IBM zAware delivered on z13 provides the following capabilities:
Support for Linux on z Systems message log analysis
Support for native or guest Linux on z Systems images
The ability to process message streams with no message IDs
The ability to group multiple systems that have similar operational characteristics for modeling and analysis
Recognition of dynamic activation and deactivation of a Linux image into a group and appropriate modeling and analysis
 – Aggregated Sysplex view for z/OS and system views
 – User-defined grouping
For Linux on z Systems, the user can group multiple systems’ data into a combined model by workload (one for all web servers, one for all databases, and so on), by “solution” (for example, one model for your cloud), and by VM host.
Heat map display that provides a consolidated, aggregated, and higher-level view, with the ability to drill down to detail views
Improved usability and GUI functional enhancements that address customer requirements
Enhanced filtering and visualization, with better use of GUI space
Improved UI navigation
Display of local time in addition to Coordinated Universal Time
Enhancements based on IBM One UI guidelines
Enhanced analytics
More robust data stores
Expanded browser support with Mozilla Firefox 31 and Internet Explorer 9, 10, and 11
IBM zAware is designed to use near real-time continuous learning algorithms, providing a diagnostics capability that is intended to help you pinpoint problems, which in turn, can lead to better availability and a more efficient system. IBM zAware uses analytics to intelligently examine z/OS or Linux on z Systems messages to find unusual patterns, inconsistencies, and variations.

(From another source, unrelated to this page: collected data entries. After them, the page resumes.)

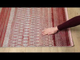 This high-quality rug exudes understated elegance with its warm, earthy tones and cool hues meticulously woven into horizontal bands and delicate diamond patterns. The texture varies across the rug, introducing a tactile dimension that enhances its luxurious feel. The detailed pattern combines classic charm with a modern edge, ensuring long-lasting quality and a cozy touch to any room's ambiance. This piece is a refined and versatile addition to any space, embodying a fusion of artistry and quality craftsmanship.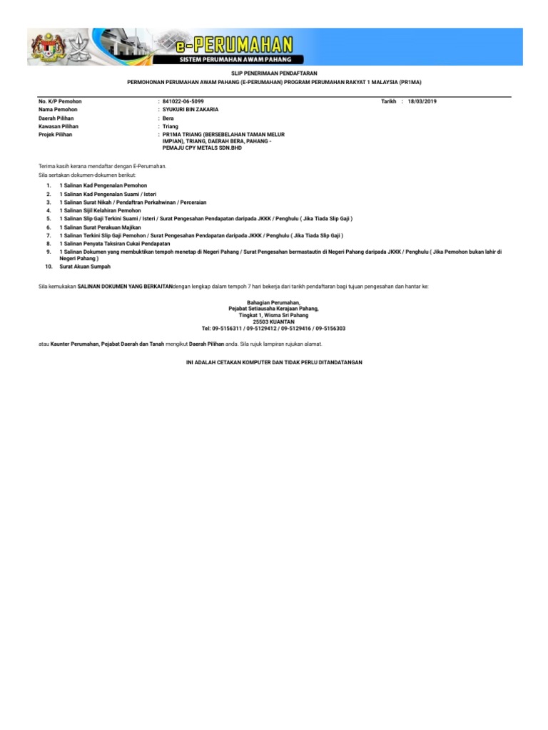 Related : Permohonan Rumah Prima Pahang / Tingkat 16, kompleks teruntum, jalan mahkota, 25000 kuantan.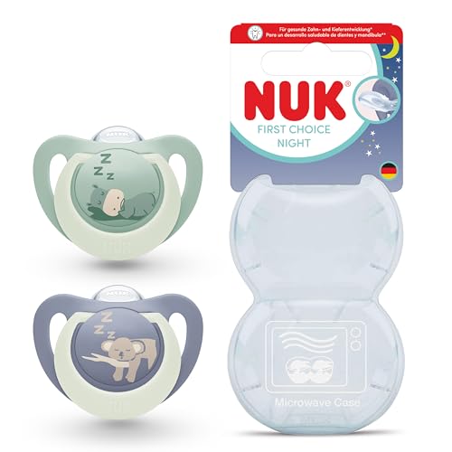NUK First Choice Night Sucettes pour bébé | 18-36 mois | Sucettes orthodontiques phosphorescentes | Apaise 99% des bébés** | Hippopotame/Koala | Lot de 2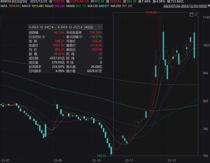 事实上,从10月24日至今,北证50指数涨幅超过46%,此前该指数一度涨至1114.26点的高位,但随后迎来较为猛烈的调整,近期再度震荡上扬。市场关于北交所行情的持续性的讨论,也不绝于耳。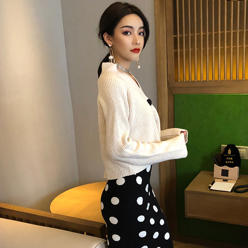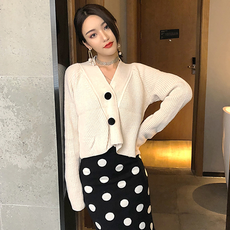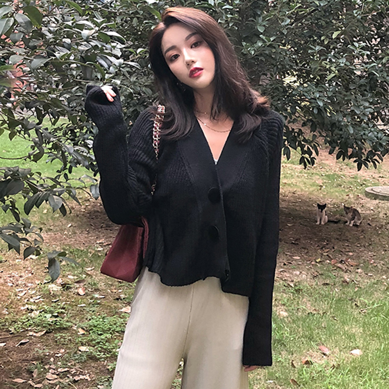 / 慵懶風V領長袖針織開衫女秋冬裝新款寬松短外套學生時尚黑色上衣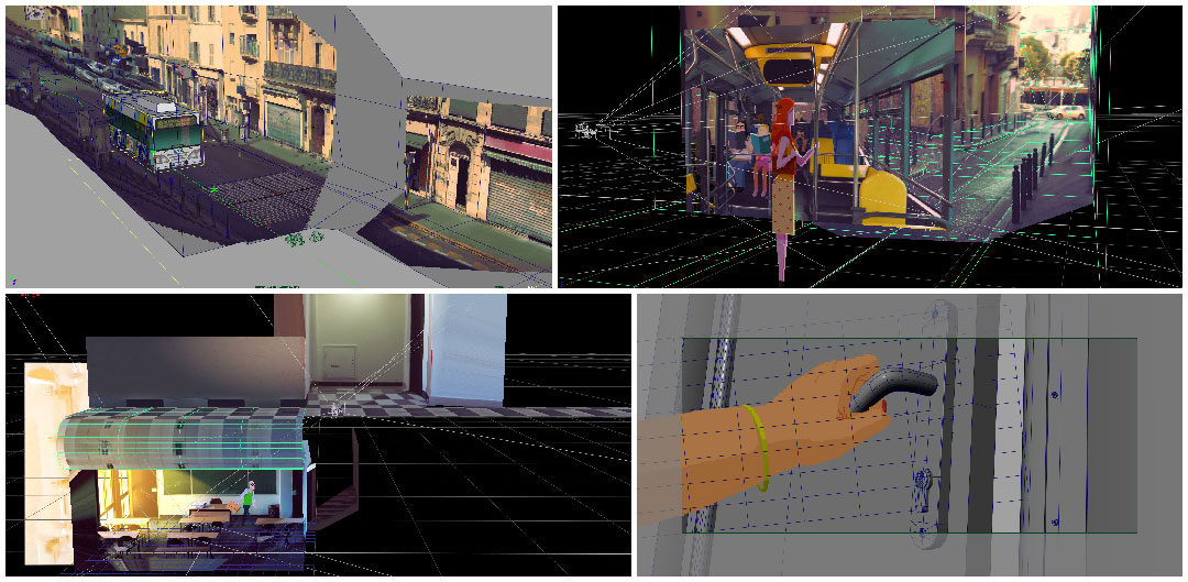 AB: I first did an animatic. I was working on it in parallel with the movie storyboard. Then I did some visual research and we chose the idea of a pixel-meets-photo aesthetic. After creating the animatic, I knew what the project needed technically, and I knew that I wasn’t able to do it alone. When Albert told me that Mitch would direct the sequence with me it was a big relief because I knew what he was capable of!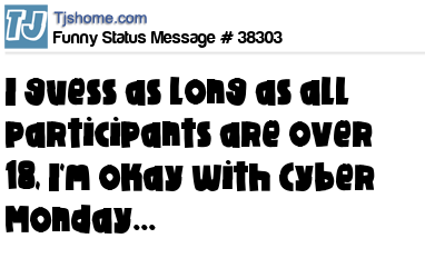 X I guess as long as all participants are over 18, I'm okay with Cyber Monday...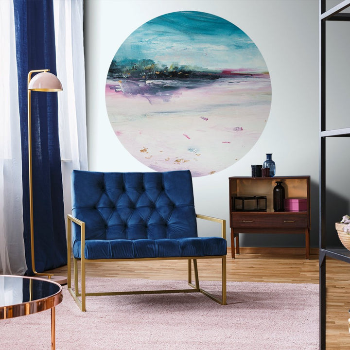 Tapety wycinane w kształcie koła montuje się szybko i intuicyjnie – to jeden z najprostszych sposobów na efektowną zmianę we wnętrzu. Wystarczy gładka, czysta i sucha ściana. Tapeta wydrukowana jest na materiale samoprzylepnym. Po wyznaczeniu środka kompozycji wystarczy przyłożyć tapetę, wygładzić raklą od środka na zewnątrz i usunąć ewentualne pęcherzyki powietrza.

Large operating system environments can sometimes generate more than 25 million messages per day. This large volume of messages can make manual analysis time-consuming and error-prone when exceptional problems occur. IBM zAware provides a simple GUI and APIs to help you find message anomalies quickly, which can help speed problem resolution when seconds count.
IBM zAware and Tivoli® Service Management can be integrated using the zAware API to provide the following capabilities:
Provide visibility into IBM zAware anomalies by using Event Management
Improve mean time to repair (MTTR) through integration with existing problem determination and performance monitoring tools
Identify system errors and eliminate subsequent occurrences through automation and more sophisticated analysis
A.2.1 Hardware requirements overview
IBM zAware runs on a client-visible logical partition (LPAR) with the following resources:
Shared or dedicated Open Systems Adapter (OSA) port
Shared or dedicated Integrated Facilities for Linux (IFLs) or central processors (CPs)
Storage and memory
Figure A-1 shows how IBM zAware complements an existing environment.
Figure A-1 IBM zAware complements an existing environment
 
Statement of direction1: IBM intends to deliver IBM zAware support for z/VM. This future release of IBM zAware is intended to help identify unusual behaviors of workloads running on z/VM to accelerate problem determination and improve service levels.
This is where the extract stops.